First-line treatment with lapatinib (Tykerb) and a taxane failed to improve progression-free survival (PFS) versus trastuzumab (Herceptin) plus a taxane in patients with HER2-positive metastatic breast cancer, according to final results from the phase III MA.31 trial.
Giuseppe Curigliano, MD, PhD
First-line treatment with lapatinib (Tykerb) and a taxane failed to improve progression-free survival (PFS) versus trastuzumab (Herceptin) plus a taxane in patients with HER2-positive metastatic breast cancer, according to final results from the phase III MA.31 trial. The results were recently published in theJournal of Clinical Oncology.
At the final analysis, PFS was 9.0 months in the lapatinib arm versus 11.3 months in the trastuzumab arm (HR = 1.37; 95% CI, 1.13-1.65;P= .001). These data, along with results from phase III CLEOPATRA and MARIANNE trials, add further clarity to the frontline treatment of HER2-positive disease.
The phase III CLEOPATRA study showed a dramatic overall survival (OS) benefit of nearly 16 months for pertuzumab (Perjeta) when combined with trastuzumab and chemotherapy versus trastuzumab and chemotherapy alone in previously untreated patients with HER2-positive metastatic disease.
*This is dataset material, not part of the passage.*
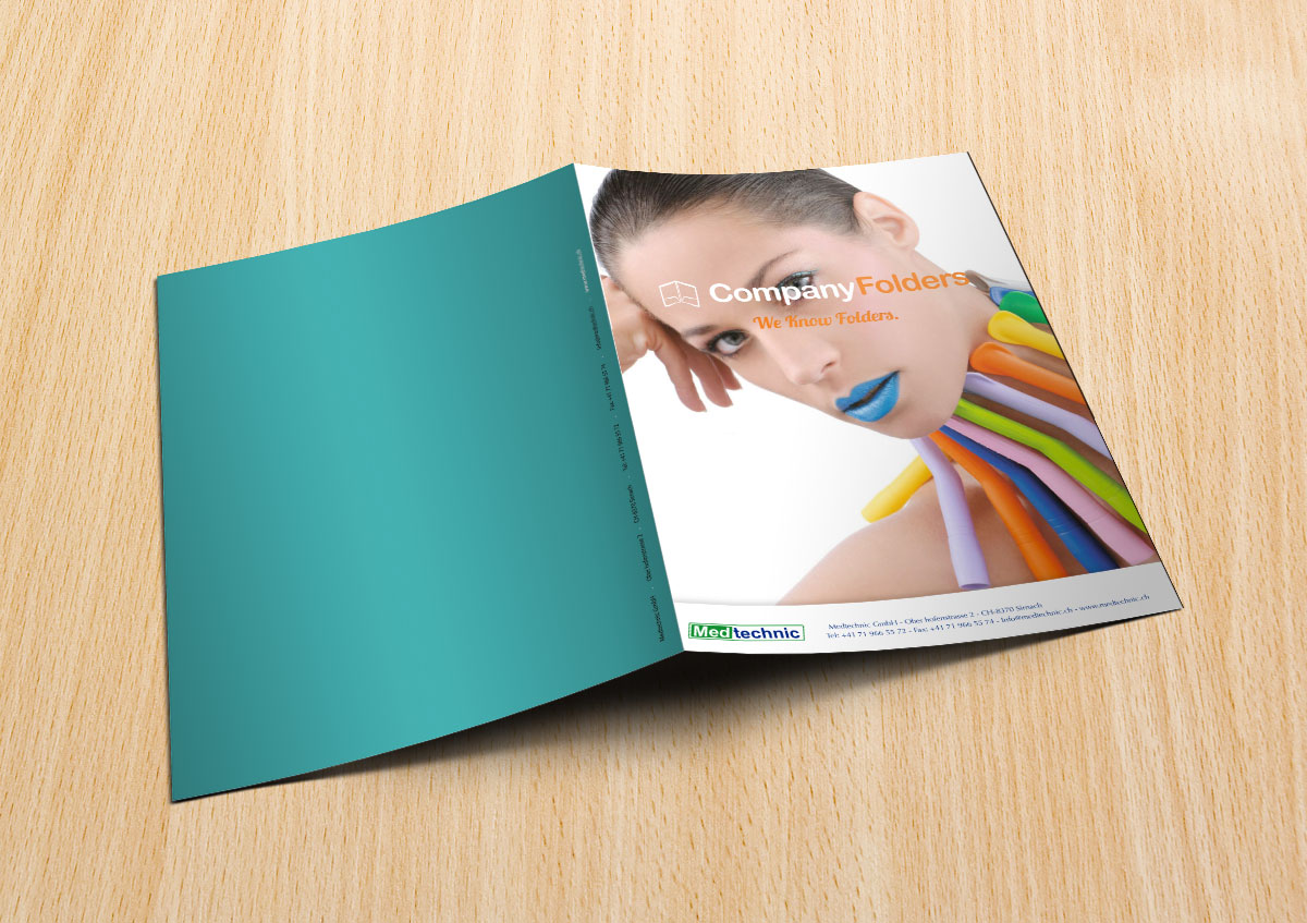 Diseño de carpetas de ventas para Medtechnic, una empresa de distribución de materiales médico para clínicas.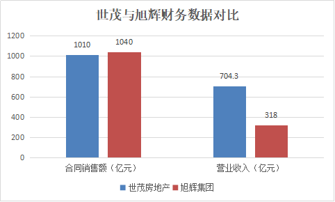 从图中我们可以看到,世茂与旭辉在2017年的销售额几乎一样,但是世茂的营业收入是旭辉的两倍还多。

The study also showed no new safety concerns or added cardiac toxicity.
Data from CLEOPATRA, which were presented at the 2014 ESMO Congress in Madrid, Spain, are practice-changing, according to Giuseppe Curigliano, MD, PhD.
“We now have a new standard of care for patients with metastatic HER2-positive breast cancer,” Curigliano, director, Division of Experimental Therapeutics, Istituto Europeo di Oncologia (IEO), Milan, Italy, said in a statement during ESMO in late September. “This is dual targeting with pertuzumab and trastuzumab plus chemotherapy, which was docetaxel in the trial.”
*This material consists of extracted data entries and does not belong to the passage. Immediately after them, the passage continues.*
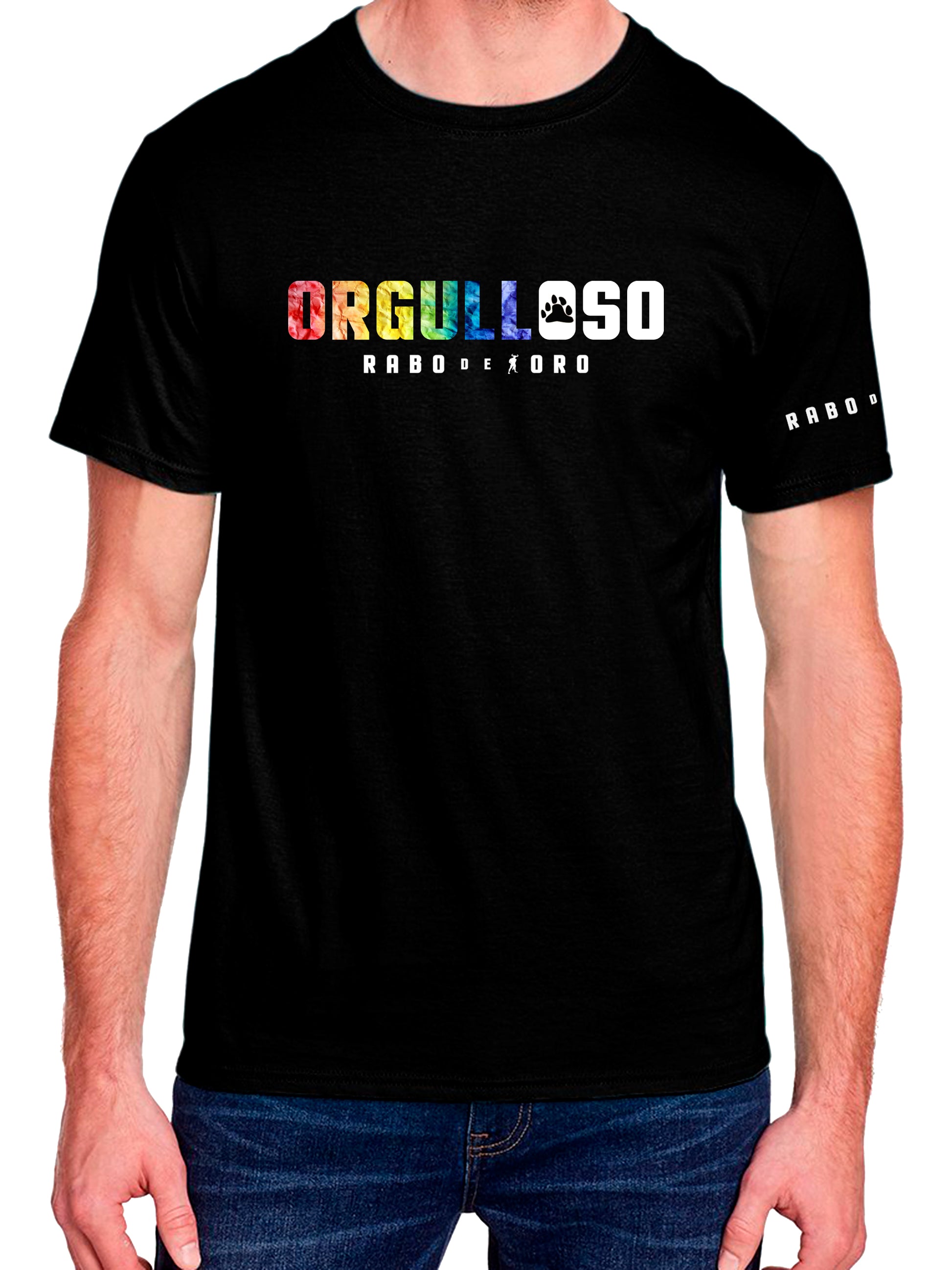 Frente Centro posicionado ORGULLOSO en letras llamativas de color arcoíris con el OSO en letras BLANCAS en contraste y un símbolo BEAR PAW negro en la primera O. Logotipo blanco de Rabo de Toro en el centro del frente y en la manga izquierda.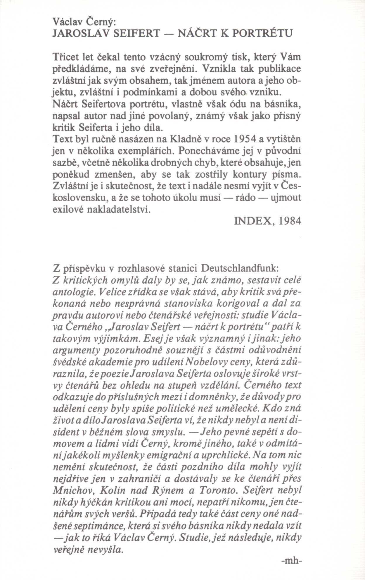 Title information Jaroslav Seifert : náčrt k portrétu ; úvodní proslov k večeru J. Seiferta, konaném 10. května 1954 / Václav Černý ; podobizna J. Seiferta v mědirytině od Cyrila Boudy ; v ručním lisu písmem cicero Bodoni vytiskl jako rukopis Josef Cipra Personal name Černý, Václav, 1905-1987 (Author) (Inscriber) Další autoři Bouda, Cyril, 1901-1984 (Illustrator) (Artist) Cipra, Josef, 1894-1970 (Compositor) Corporation Index (nakladatelství) (Publisher) Nadace Charta 77 (Publisher) Manufacture Kolín nad Rýnem : INDEX, 1984 Scope 21 stran : ilustrace ; 17 cm Country Czech Republic Language Czech Note Reprint. - Bílá obálka s červenými iniciálami, černým názvem nakladatelství a s nakladatelskou značkou. - Text a nakladatelská značka na vakátě. - Frontispis (portrét J. Seiferta). - V tiráži ruční podpis V. Černého. - Na zadní záložce text o knize a část rozhlasového příspěvku.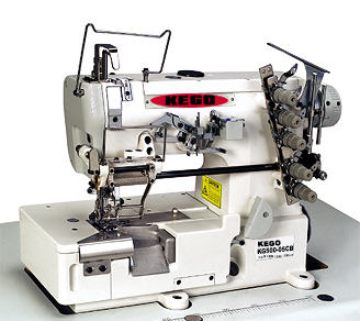 • 本機具有機械式送帶裝置,可將松緊帶或蕾絲帶的送料量及張力控制得均勻而準確,同時具有切刀修邊器裝置,提高縫制質量。適用于內衣、內褲等。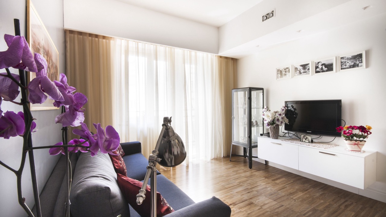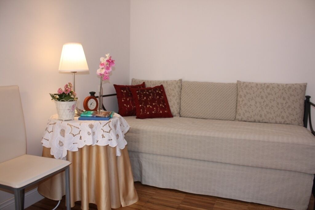 HOW MANY PEOPLE CAN THE APARTMENT ACCOMMODATE? The inside of the apartment can comfortably accommodate 5 adults. Bedroom: double bed (King-size) and single bed, a crib for a baby. Living room: double sofa bed (King-size). The sofa is very easy to open. All the beds are equally comfortable.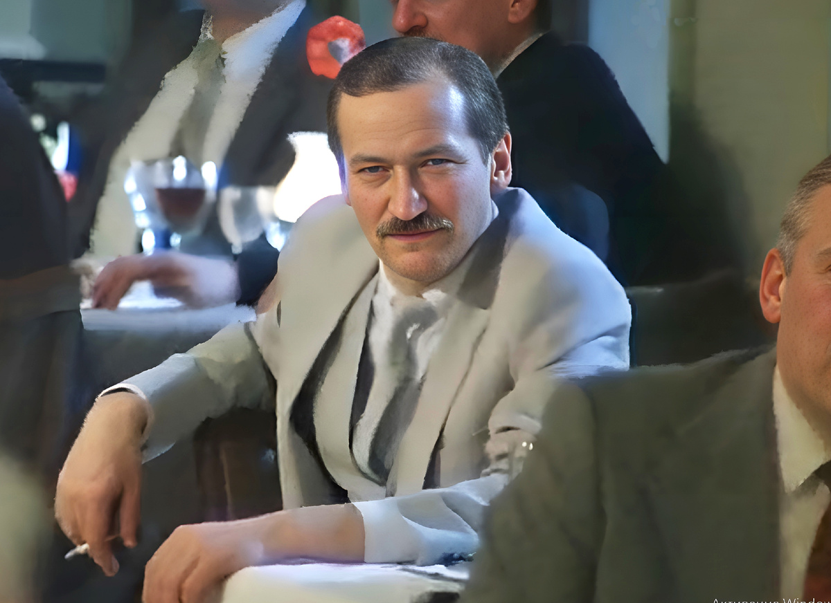 -Камера! Мотор,- прокричал режиссер, и в это мгновение я увидел, как в «ресторан» вошел импозантный мужчина выше среднего роста. Это был мой кумир! Это был Леонид Филатов…. Перед глазами пронеслись все фильмы с его участием, и я понял, что на этот раз мне посчастливилось крепко ухватить птицу удачи. Метрдотель лет шестидесяти пяти, с седой бородкой, в черном смокинге, в белых перчатках, и шелковой белой сорочке с белой атласной «бабочкой» по сюжету кино, встретил дорогого гостя широкой улыбкой. Он деликатно пригласил полковника Крафта за столик перед самой камерой, где в это время там мило «беседовали» Донатас Банионис и Гражина Шаполовская. Увидев Филатова, компания оживилась. Леонид Алексеевич поздоровавшись, с коллегами и артистично плюхнулся на стул, показывая окружающей публике свою статусную значимость.
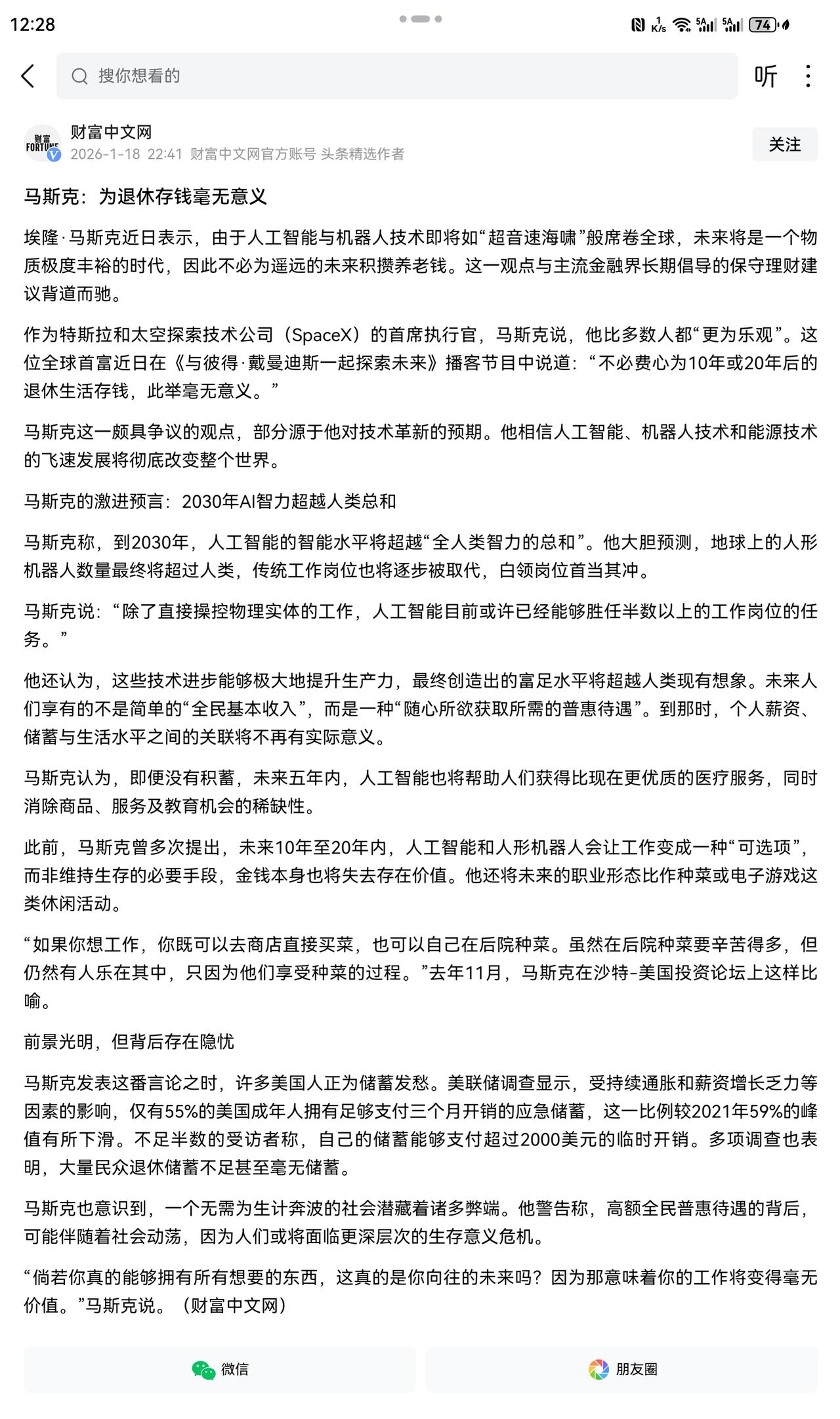 普通人不需要再攒养老金?马斯克的话听听就好。 刚刷到马斯克又爆金句,说AI和机器人马上要整出“超音速海啸”,以后物质多到用不完,存退休金纯属白给。忽然想到前几天九边发的一篇文章观点类似,伴随着机器人和AI的发展,机器人替代了普通人,普通人何去何从? 然而如果你认真思考一下,就会觉得马斯克的论点无法成立,从第一次工业革命至今已经这么多年了,生产力提升了多少倍了,但是工人和农民实现富裕了吗?即便真按他说的“物质无限”,那第一定律肯定是无限的物质,优先流向产生他们的人,而不会流向非洲难民。 其实马斯克自己也虚,他说人人躺平的世界会有生存意义危机。翻译一下:当我公司的机器人养活全人类时,你们这些“被养活”的精神状态我不负责啊。这不就是科幻片老套路——精英在飞船里规划人类未来,平民在营养舱里沉迷虚拟快乐? 应当注意,技术能冲破稀缺,但冲不破私有制的结界。技术可以极大解放和发展生产力,也许是我们通往共产主义的路径,然而生产力极高、物质极为丰富只是共产主义的基础,还需要调整生产关系和资产分配,实现按需分配。 马斯克的话听听就好,希望我们能赶上共产主义的头班车,但是目前还是继续攒养老金吧。

Conversely, the phase III MARIANNE trial of untreated patients with HER2-positive disease showed no PFS benefit with a regimen anchored by T-DM1 (ado-trastuzumab emtansine; Kadcyla) compared with standard therapy (trastuzumab plus chemotherapy).
MA.31 was the first head-to-head analysis of lapatinib and trastuzumab in this setting. In the trial, 537 patients with confirmed HER2-positive disease were randomized 1:1 to receive lapatinib in combination with a taxane followed by lapatinib or trastuzumab in combination with a taxane followed by trastuzumab. Taxane therapy was defined as paclitaxel once per week or 75 mg/m2of docetaxel (lower than the approved single-agent dose) once every 3 weeks. In total, 82% of patients did not receive adjuvant anti-HER2 therapy.
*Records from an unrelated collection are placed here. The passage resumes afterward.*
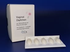 Wir empfehlen unsere pflanzlichen Vaginal Zäpchen mit Teebaum-, Lavendel- und Rosengeranienöl: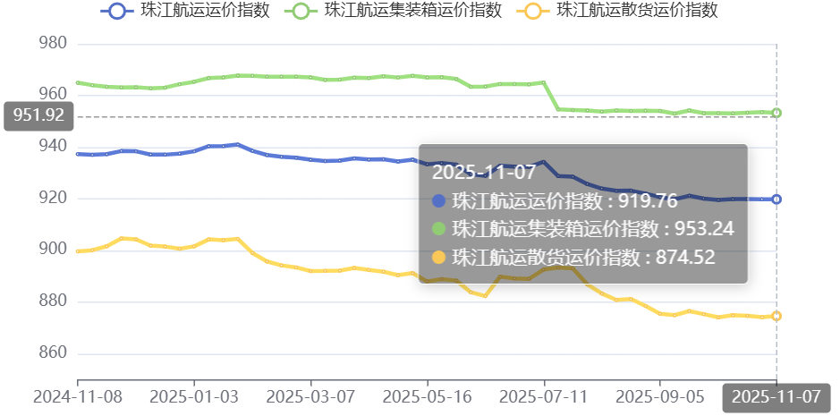 2025年11月7日,广州航运交易所发布的珠江航运综合运价指数报收919.76,较上期上涨0.03点。本期珠江航运集装箱运价指数报收953.24点,较上期下跌0.32点;珠江航运散货运价指数报收874.52点,较上期上涨0.46点。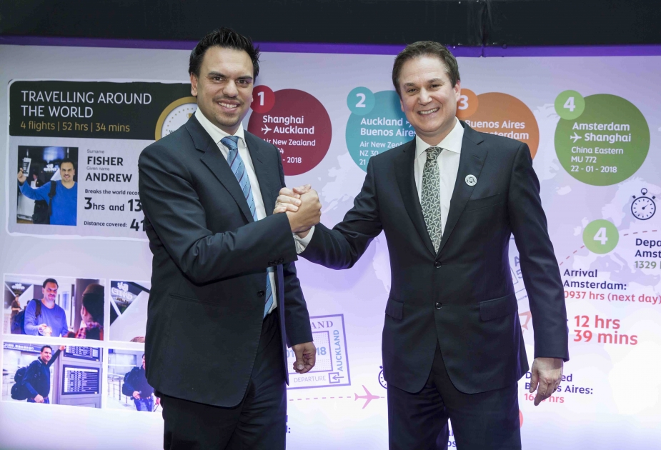 Andrew’s journey covered 41,375 km on scheduled flights operated by Air New Zealand, KLM and China Eastern that took him from Shanghai to Auckland; Buenos Aires to Amsterdam; and back to Shanghai.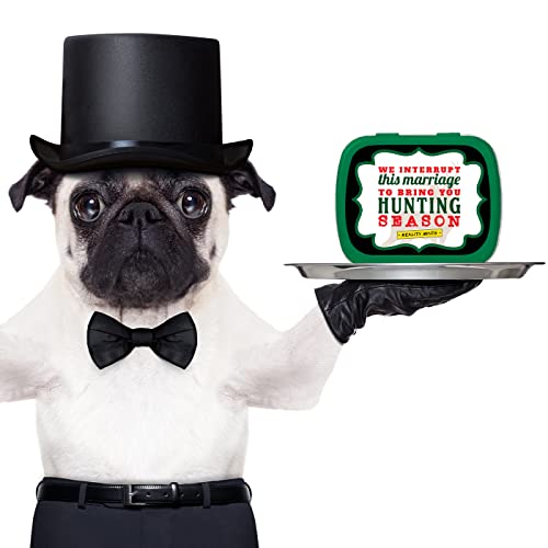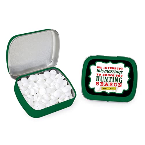 A tin of We Interrupt this Marriage to Bring You Hunting Season mints is a hilarious gift for friends and family who are known for pausing their marriage during hunting season. Filled with peppermint breath mints, this witty gag gift for men and women makes a silly stocking stuffer or addition to Easter baskets, birthday gift bags, care packages, or Valentine’s Gifts for anyone on your gift list. They’re also a go-to choice for White Elephant parties or Secret Santa gift exchanges.

After a median follow-up of 21.5 months, more patients receiving lapatinib discontinued treatment (70.4%) than those who received trastuzumab (63.4%).
In addition to inferior PFS with lapatinib in both the interim analysis (HR = 1.33; 95% CI, 1.06-1.67;P= .01) and final analysis (HR = 1.37; 95% CI, 1.13-1.65;P= .001), the agent was also associated with worse OS compared with trastuzumab (stratified HR =1.47; 95% CI, 1.03-2.09;P= .03).
Toxicity was also worse in the lapatinib arm in MA.31treatment discontinuations were more common with the agent (15%) versus trastuzumab (8%).
Authors on the study noted that the incidence of CNS metastases was 6% to 8% lower among patients treated with lapatinib. This difference was not significant, however, because of the “low rate of CNS scans at [disease progression] despite being mandated by the protocol, low frequency of CNS events, size of the study, or [disease progression] in other sites.”
Incidences of diarrhea and rash were both higher among patients receiving lapatinib compared with those receiving trastuzumab. In the combination phase of the trial, grade 3/4 rash occurred in 8% and 0% of patients in the lapatinib and trastuzumab arms, respectively.
A remarkable aspect of the CLEOPATRA data was the lack of increased toxicity, according to Mark D. Pegram, MD, who participated in a panel discussion on practical considerations in breast cancer.
“A little bit more myelosuppression, a little bit more GI toxicity, and a little skin dryness but that was it,” said Pegram, who is a professor of Medicine at Stanford University Medical Center.
Results from MA.31 further clarify the best frontline treatment regimen for patients with HER2-positive metastatic breast cancer. For Curigliano, it is definitively dual-HER2 blockade.
“In the future, in any country of the world, when you have a patient with metastatic breast cancer that is HER2-positive, the proposal for treatment should include dual targeting with pertuzumab and trastuzumab plus chemotherapy,” Curigliano said.
Gelmon KA, Boyle FM, Kaufman B, et al. Lapatinib or trastuzumab plus taxane therapy for human epidermal growth factor receptor 2positive advanced breast cancer: Final results of NCIC CTG MA.31 [published online March 16, 2015].J Clin Oncol.doi: 10.1200/JCO.2014.56.9590.